To build the models, OVP provides a number of APIs. The main ones are:
ICM, Innovative CPU Manager, for creating platforms.
VMI, Virtual Machine Interface, for creating processors.
BHM, Behavioral Hardware Modelling, for behavioral modelling.
PPM, Peripheral Programming Model, for peripherals.
While all the APIs are important, perhaps the VMI can be seen as the central API, since it allows people to build processor models: the OVP site claims, “Typically a 32 bit RISC can be written in 6-8 weeks and will run at up to 500 MIPS on a 3GHz desktop PC.” Within the processor model, it is possible to create a range of features, including MMUs, TLBs, and different processor operating modes. Multiple processors can be created for a single platform. VMI can provide semi-hosting capabilities within OVPsim to allow non-intrusive application instrumentation (instrumentation that has no affect on the application behaviour).
Processor models themselves are not enough to represent the behaviour of a system; they need peripherals, and they need some representation of system behaviour, and for this OVP provides PPM & BHM. Models using these APIs run in a protected environment (and so cannot crash the simulator) and run on Peripheral Simulation Engines (PSEs). BHM is for modelling processes, delays and event, while PPM models the interface to the platform bus ports and net ports.

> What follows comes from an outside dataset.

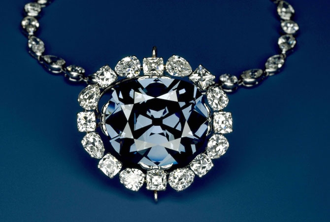 Согласно одной из легенд, французский торговец Жан-Батист Тавернье стянул этот 115-каратный голубой бриллиант из индийского храма, после чего был насмерть затравлен собаками. Но на деле охотник за драгоценностями приобрёл алмаз в султанате Голконда, Центральная Индия, тайно вывез его из страны, после чего в 1669-м году доставил камень к французскому двору, где его перекупил «Король-Солнце» Людовик XIV.

ICM (Innovative CPU Manager) pulls all these elements together. It allows instantiation of multiple processors, buses, memories, and peripherals, described using the other PAIs, and it allows buses, memories, and processors to be interconnected in arbitrary topologies. For example, arbitrary multiprocessor shared memory configurations and heterogeneous multiprocessor platforms can be modelled. ICM calls are used to load application programs into simulated memories and then to simulate the platform.
With these tools, developers using OVP should quickly create a virtual platform. This can be used by multiple teams to create software that will run at real speeds (or even faster) under the real operating system, well before the target hardware is ready, and even before a hardware virtual platform or emulator can be built. If the process is started early enough, the results of the simulation can be used to optimise the relationship between the software and the hardware architecture, rather than, as frequently happens today, the software having to make compromises to fit the locked- down hardware.

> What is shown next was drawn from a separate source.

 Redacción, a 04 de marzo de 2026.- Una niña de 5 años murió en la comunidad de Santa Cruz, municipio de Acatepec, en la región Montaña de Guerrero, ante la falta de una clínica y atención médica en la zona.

EDA and formal verification guru, Brian Bailey, in a long white paper on OVP has said that OVP, “… may provide the missing part of the puzzle to jump start successful commercial deployment of ESL (Electronic System Level) flows.”
For OVP to take off requires that the OVP community continues to grow and to add to the libraries. In particular, to match the requirements of many SoCs, it will need to add verified ARM models and DSP models. The list of companies already involved with OVP is growing, and Davidmann hints that there announcements to come that will help to ensure the wider acceptability of OVP.